Starting at the line below holding "Dinar İlçe Emniyet" and stopping at the line holding "DEVELOPMENT POTENTIAL! Great", print every line exactly, both ends included, and leave the rest out.

*GIVEN DATA*
------------------------------

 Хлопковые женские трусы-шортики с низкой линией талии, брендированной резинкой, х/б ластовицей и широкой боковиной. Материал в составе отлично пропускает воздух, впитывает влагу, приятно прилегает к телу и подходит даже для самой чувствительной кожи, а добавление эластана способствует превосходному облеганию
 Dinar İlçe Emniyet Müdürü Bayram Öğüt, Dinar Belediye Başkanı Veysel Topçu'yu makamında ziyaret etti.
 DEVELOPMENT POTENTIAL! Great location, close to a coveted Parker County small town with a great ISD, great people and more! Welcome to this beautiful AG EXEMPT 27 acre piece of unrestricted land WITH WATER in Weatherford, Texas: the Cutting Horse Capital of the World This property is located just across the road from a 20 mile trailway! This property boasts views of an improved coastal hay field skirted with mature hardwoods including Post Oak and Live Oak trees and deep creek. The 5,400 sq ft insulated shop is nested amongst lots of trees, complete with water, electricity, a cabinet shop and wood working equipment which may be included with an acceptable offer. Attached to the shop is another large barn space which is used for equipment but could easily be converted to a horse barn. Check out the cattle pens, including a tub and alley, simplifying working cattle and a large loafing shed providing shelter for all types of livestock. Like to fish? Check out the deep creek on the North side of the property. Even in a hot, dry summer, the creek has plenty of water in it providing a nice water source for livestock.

------------------------------

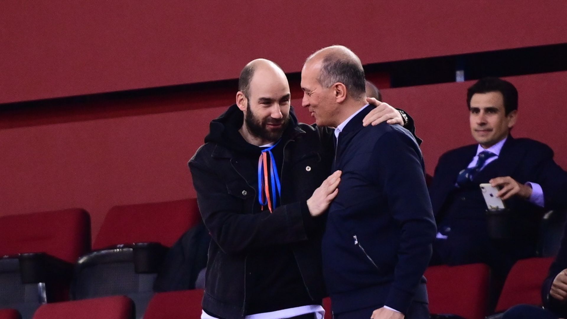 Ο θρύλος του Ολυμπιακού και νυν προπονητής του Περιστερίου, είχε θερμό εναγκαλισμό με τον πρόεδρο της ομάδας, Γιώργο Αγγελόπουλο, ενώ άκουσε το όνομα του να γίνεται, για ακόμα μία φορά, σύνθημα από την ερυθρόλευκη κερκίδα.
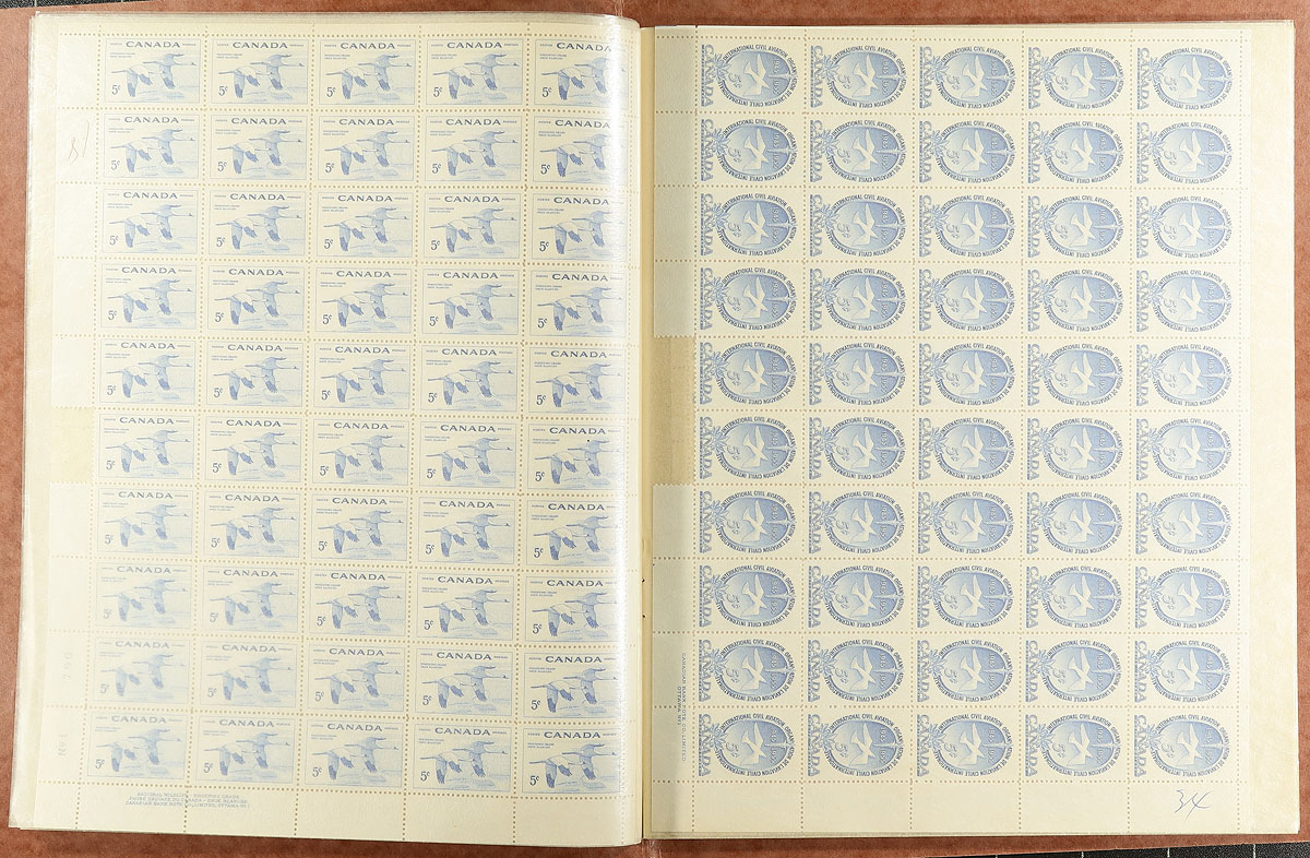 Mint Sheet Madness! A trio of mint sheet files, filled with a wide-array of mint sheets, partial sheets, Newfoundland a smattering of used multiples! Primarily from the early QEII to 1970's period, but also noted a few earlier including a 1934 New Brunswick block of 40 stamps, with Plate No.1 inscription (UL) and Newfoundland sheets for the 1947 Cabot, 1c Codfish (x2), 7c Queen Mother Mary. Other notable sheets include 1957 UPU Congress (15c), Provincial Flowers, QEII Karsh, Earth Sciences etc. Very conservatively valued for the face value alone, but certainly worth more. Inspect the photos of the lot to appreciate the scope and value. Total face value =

------------------------------

*ANSWER SPACE*
 Dinar İlçe Emniyet Müdürü Bayram Öğüt, Dinar Belediye Başkanı Veysel Topçu'yu makamında ziyaret etti.
 DEVELOPMENT POTENTIAL! Great location, close to a coveted Parker County small town with a great ISD, great people and more! Welcome to this beautiful AG EXEMPT 27 acre piece of unrestricted land WITH WATER in Weatherford, Texas: the Cutting Horse Capital of the World This property is located just across the road from a 20 mile trailway! This property boasts views of an improved coastal hay field skirted with mature hardwoods including Post Oak and Live Oak trees and deep creek. The 5,400 sq ft insulated shop is nested amongst lots of trees, complete with water, electricity, a cabinet shop and wood working equipment which may be included with an acceptable offer. Attached to the shop is another large barn space which is used for equipment but could easily be converted to a horse barn. Check out the cattle pens, including a tub and alley, simplifying working cattle and a large loafing shed providing shelter for all types of livestock. Like to fish? Check out the deep creek on the North side of the property. Even in a hot, dry summer, the creek has plenty of water in it providing a nice water source for livestock.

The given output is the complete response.